> [Work instruction]: Starting at the line with "Dewalt 20V Max", copy each line through the last one below exactly as written, without any pictures.

> [Provided material]:
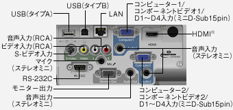 | 制御入出力端子 | RS-232C端子(プロジェクター制御用)、 USB端子タイプB(USBディスプレイ用、 プロジェクター制御用) |
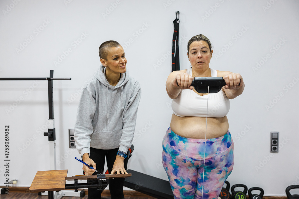 Nutritionist measuring body composition of overweight woman in gym
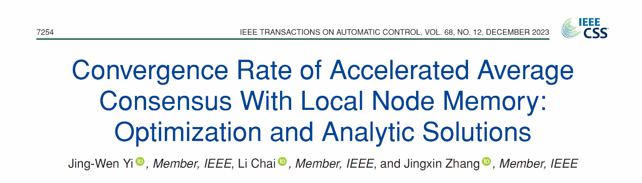 近日,人工智能與信息融合研究院在多智能體平均一致性研究中取得重要進展,解決了記憶加速算法研究中的幾個公開難題。研究結果以長文(full paper)發(fā)表在控制學科兩大頂級期刊之一的IEEE Transactions on Automatic Control (TAC),雙欄16頁。
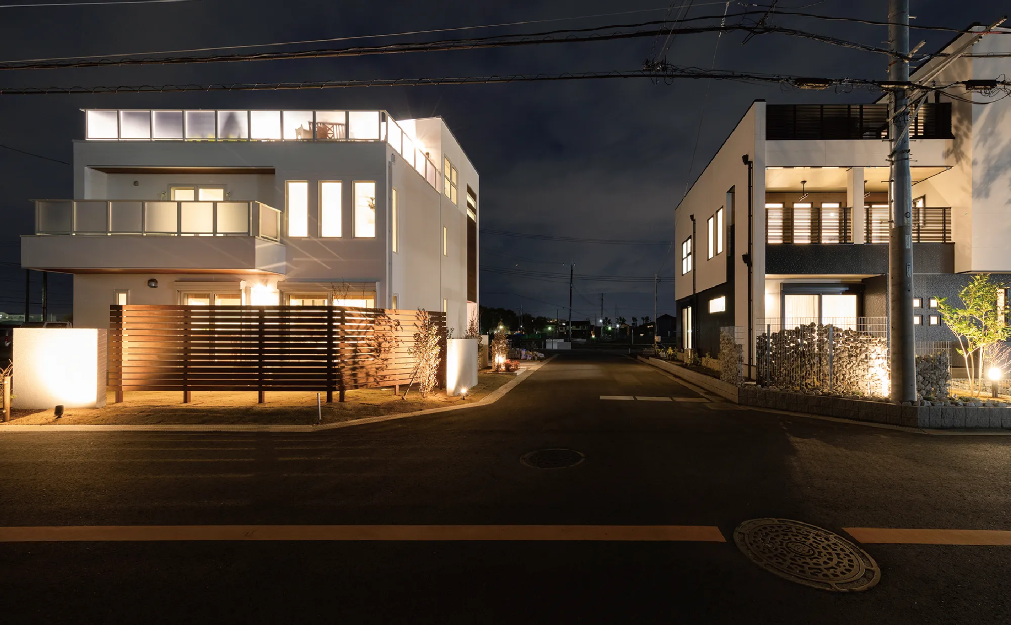 または6m(西側は歩道3mをプラス)の道路 - 外周ウォールのLEDライトやアプローチに
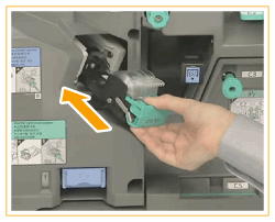 Siga o procedimento descrito nesta secção para substituir a caixa de agrafos no agrafador para a unidade opcional Staple Finisher-X/Booklet Finisher-X.
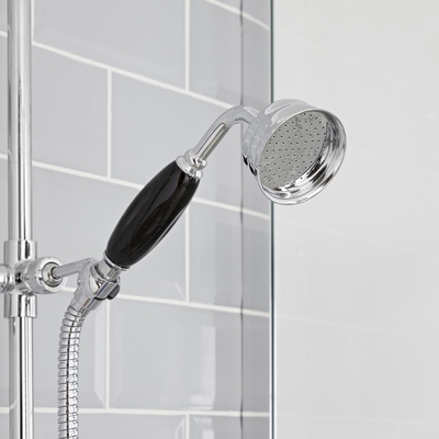 D'un design intemporel et élégant, la douchette rétro noire et chromée Elizabeth est solution idéale pour remplacer votre douchette ancienne. Fabriquée en laiton massif durable, elle est dotée d'une finition chromée résistante et d'une poignée en céramique noire à l’aspect vintage. Simple et rapide à installer, cette douchette diffuse un jet d'eau rafraîchissant. Combinez-la à d'autres articles chromés et noirs de la collection Elizabeth pour un look rétro et une salle de bain parfaitement harmonieuse. Caractéristiques de la douchette Elizabeth:
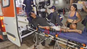 O jovem Eduardo Nogueira Rodrigues, de 19 anos, que cumpre medidas judiciais com uso de tornozeleira eletrônica, foi ferido com um golpe de faca no
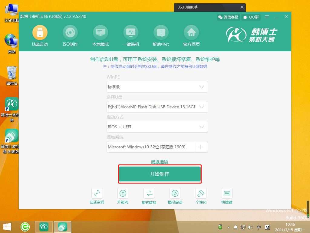 1.制作韓博士u盤啟動(dòng)盤的時(shí)候,記住要先退出電腦里的殺毒軟件。
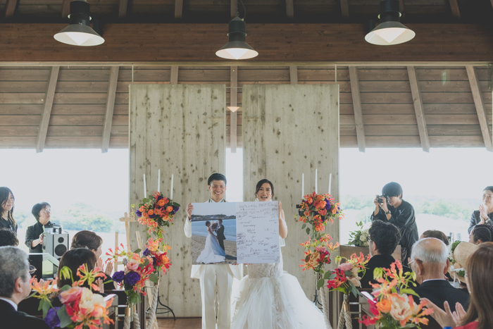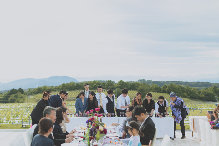 挙式(チャペル内人前式)+93名披露宴(1Fテラス)
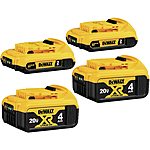 Dewalt 20V Max XR 4.0Ah Lithium-Ion Batteries (2-Pack) + 2.0Ah Batteries (2-Pack) FS $179
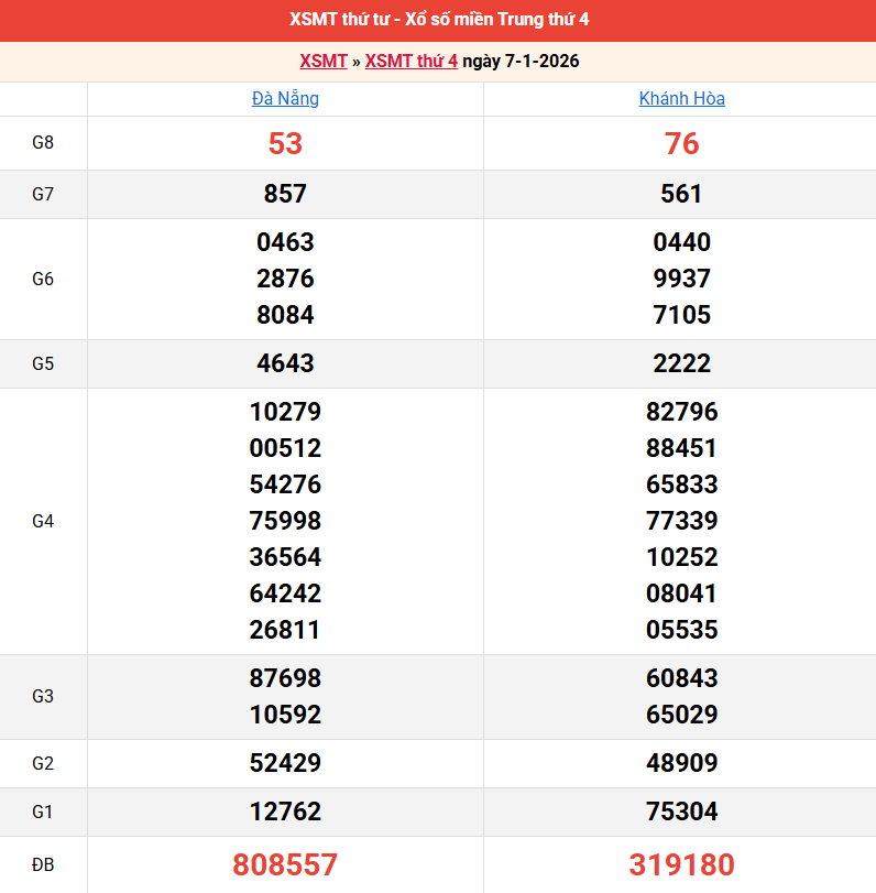 Bảng kết quả kỳ trước 07/01/2026

> [Problem solution]:
 Dewalt 20V Max XR 4.0Ah Lithium-Ion Batteries (2-Pack) + 2.0Ah Batteries (2-Pack) FS $179
 Bảng kết quả kỳ trước 07/01/2026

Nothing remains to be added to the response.